Friday, May 18, 2012

Freivalds' Algorithm


Freivalds' algorithm is used to verify correctness of matrix multiplication. It is a randomized Monte Carlo algorithm and has a small probability of error. By repeatedly running this algorithm, one can reduce the probability of error below any threshold.


One naive way to verify correctness of matrix multiplication is to actually redo the multiplication and compare the output with the given input. However, current matrix multiplication algorithms are quite slow - the fastest one being $O(n^{2.376})$. Freivalds' algorithm takes $\Theta(n^2)$ time to verify this multiplication and errs with probability $\leq 1/2$, only when the multiplication is incorrect. It therefore runs faster than matrix multiplication itself and is usually correct.

Freivalds' algorithm

  1. Input: $n\times{n}$ matrices $A$, $B$ and $C$. We would like to verify if $A\times{B}=C$.
  2. Choose a $n\times{1}$ column vector $\overrightarrow{r}\in\{0,1\}^n$, uniformly and at random. In other words, each component of the vector is either 0 or 1 and chosen randomly and uniformly.
  3. Compute $A\cdot(B\cdot\overrightarrow{r})$ and $C\cdot\overrightarrow{r}$. This takes $\Theta(n^2)$ time.
  4. Now comes the output
    1. If $A \cdot (B\cdot\overrightarrow{r}) \neq {C\cdot\overrightarrow{r}}$, output FALSE. In other words, we say that the given matrix multiplication is incorrect. This has a probability of correctness = 1.
    2. If $A \cdot (B\cdot\overrightarrow{r}) = {C\cdot\overrightarrow{r}}$, output TRUE. In other words, we say that the given matrix multiplication is correct. This has a probability of correctness $\geq{1/2}$. (See references for details.)
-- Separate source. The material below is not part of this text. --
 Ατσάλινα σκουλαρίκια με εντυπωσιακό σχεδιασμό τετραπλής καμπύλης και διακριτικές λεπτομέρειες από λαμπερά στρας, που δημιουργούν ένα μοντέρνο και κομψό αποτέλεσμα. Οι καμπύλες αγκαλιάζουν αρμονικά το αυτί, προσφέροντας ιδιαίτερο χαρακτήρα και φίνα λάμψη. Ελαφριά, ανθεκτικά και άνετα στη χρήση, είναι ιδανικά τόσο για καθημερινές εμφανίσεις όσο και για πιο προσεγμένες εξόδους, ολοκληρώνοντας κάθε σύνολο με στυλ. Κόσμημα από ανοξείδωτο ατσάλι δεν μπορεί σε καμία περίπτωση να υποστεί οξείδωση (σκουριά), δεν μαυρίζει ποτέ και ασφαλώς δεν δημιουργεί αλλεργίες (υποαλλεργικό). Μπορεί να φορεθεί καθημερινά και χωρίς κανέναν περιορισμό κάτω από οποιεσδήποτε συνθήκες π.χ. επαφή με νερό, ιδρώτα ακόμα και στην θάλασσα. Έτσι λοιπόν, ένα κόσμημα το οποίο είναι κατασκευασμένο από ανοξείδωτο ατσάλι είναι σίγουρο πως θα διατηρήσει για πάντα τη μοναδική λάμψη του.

  • If Freivalds' algorithm says that:
    • $A\times{B}\neq{C}$, then this statement is always correct.
    • $A\times{B}={C}$, because we are only doing a small number of checks ($n$ - one for each row of the result), it is possible that $A\times{B}\neq{C}$, but the algorithm cannot determine it in the amount of time it has. (See references for details.)
  • Stated another way:
    • when $A\times{B}={C}$, Freivalds' algorithm is always correct.
    • When $A\times{B}\neq{C}$, the algorithm errs with probability $\leq{1/2}$.
  • By re-running this algorithm $k$ times and choosing a random $\overrightarrow{r}$ each time, we can reduce the probability of error to $\leq{1/2^{k}}$.
  • In other words, in $\Theta({kn^2})$ time, Freivalds' algorithm guarantees that the error in verifying multiplication of two $n\times{n}$ matrix is $\leq{1/2^{k}}$.


  1. Wikipedia - Freivalds' algorithm
  2. Motwani, R. and Raghavan, P., Randomized Algorithms, 2007.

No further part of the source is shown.